An iconic “gateway arch” entrance is being planned for Brookhaven Park with designs slated to be unveiled next month. Construction of the new entrance, to front on Peachtree Road, would be paid for with money from the recently approved $40 million parks bond, according to city officials. But how much the new entrance would cost remains unknown and getting buy-in from the state Department of Transportation is also necessary.
The location and look of the entrance are key in defining the city’s overall aesthetic, according to Councilmember Linley Jones. She said she is seeking an iconic entrance into the city’s “premier park,” which spans some 20 acres at the corner of Peachtree and Osborne roads.
“I don’t think [the city] views this as just a Brookhaven Park feature,” she said. “[T]hat’s a major city feature.”
The City Council approved the Brookhaven Park master plan at its Dec. 11 meeting, but were told by Parks and Recreation Director Brian Borden the new entrance was being designed separately. Initial design plans are expected to be presented to the council next month, he said.
The new entrance must first gain design approval from the Georgia Department of Transportation, because Peachtree Road is a state road, according to city officials. Discussions city and GDOT officials are having about the entrance include ensuring it is accessible for those with disabilities and also the possibly of a necessary retaining wall.
Design of the new gateway entrance is based on a years-old watercolor painting from the Brookhaven Park Conservancy. The painting, dating back to at least 2015, shows tall, granite columns with a black, wrought iron arch between them where “Brookhaven Park” is spelled out.
City spokesperson Burke Brennan said the same painting discussed three years ago was provided to city officials by Mike Elliot of the Brookhaven Conservancy when public engagement began Sept. 13 on the current Brookhaven Park master plan. How much new community input was included for the gateway entrance is not clear.
The illustration is conceptual, Brennan added.

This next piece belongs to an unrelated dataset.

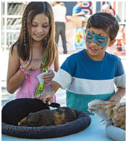
▲ Fun activities for children included a mini petting zoo, while their parents learned about resources.

In August over 200 parents and children attended the North County Student Resource Fair which was organized by Sunnyvale Community Services and sponsored by the County of Santa Clara Office of Education. While open to the public, this event was designed to reach McKinney-Vento-eligible families. The federal law called "The McKinney-Vento Homeless Assistance Act" ensures that children of homeless families have equal access to education and other services required to meet the same academic standards to which all students are held. The fair focused on providing resources in specific areas such as health, education, food, housing, finance. Agencies in attendance provided free vision screenings, medical information, food resources, affordable housing lists, and educational and financial assistance resources. ■

Borden said the gateway is intended to look like the massive granite and iron entrances at Piedmont Park in Atlanta.
Councilmember Bates Mattison agreed with Jones that the entrance on the major Peachtree Road thoroughfare and across the street from the Brookhaven-Oglethorpe MARTA Station would serve as a major component of branding the city’s identity. He said the city should “spare no expense” in ensuring it portrays a positive image of Brookhaven.
No estimate of the gateway arch entrance’s cost has been publicly stated. The Brookhaven Park master plan is to receive $6 million from the $40 million parks bond approved by voters in a November referendum.
Slightly more than $2 million from $6 million is being used to purchase from DeKalb County approximately 7 acres at the front of the park, fronting Peachtree Road and where the entrance will be built. That leaves about $4 million for the gateway arch and for any master plan renovations.
City Manager Christian Sigman said Dec. 11 that constructing the gateway arch entrance is a top priority for the city and for Brookhaven Park. The city would likely have to phase the park’s master plan, he added.
“I don’t believe this master plan can be funded with $4 million. We will have to come back [to council] on how to phase the work,” he said. What this process may look like is not yet known.
The $6 million amount to approve in the $40 million parks bond for Brookhaven Park was hotly debated in July when members voted to put the referendum on the ballot.
Brookhaven Park was originally budgeted to receive $8 million. But because the park did not yet have an approved master plan, the council voted to eliminate $2 million from that total; doing so also brought the total parks bond amount from $42 million to $40 million. A 2014 Brookhaven Park master plan proposal included a $4.5 million budget.
In July, Mattison, who voted against putting the parks bond on the ballot, voiced concerns about reducing Brookhaven Park’s master plan budget. Mayor John Ernst said he believed the $4 million would cover the master plan design and improvements. He said the city has also built in $9 million in contingency funds in the parks bond that likely will not all be used. Some of those remaining contingency funds can be used at Brookhaven Park if needed, he said.
This year, the City Council approved dividing Brookhaven Park essentially into two parks by agreeing to fence off the back 5 acres for an off-leash dog park. Dogs are allowed in all areas of the park, but only are allowed off-leash in the fenced off area.
The final master plan for Brookhaven Park’s dog park area includes: replacing the existing pavilion and patio; adding restrooms and a grilling area; repaving the existing walk area and adjusting grading for Americans with Disabilities Act access; mulching the natural trail areas; adding a new pavilion with tables at the lower field; adding play equipment and washing and splash pad stations for the dogs; adding waste stations; and adding pedestrian-level lighting along paths and pavilion areas.
At the front of the park, a concrete pad to be used a stage during festivals will be added; a new full-size basketball court with timed lighting is planned; and the community garden area will get a cleanup and expansion with a restrooms and storage space.
The new playground will be ADA-accessible and much bigger than the one now, and will include equipment for various ages. Landscaping will be added along the playground to provide a natural buffer between it and the dog park. Also included are an open play area, shaded seating, a new pavilion with restrooms, and a drinking fountain.
Lose Design completed the master plan for Brookhaven Park and is designing the gateway entrance.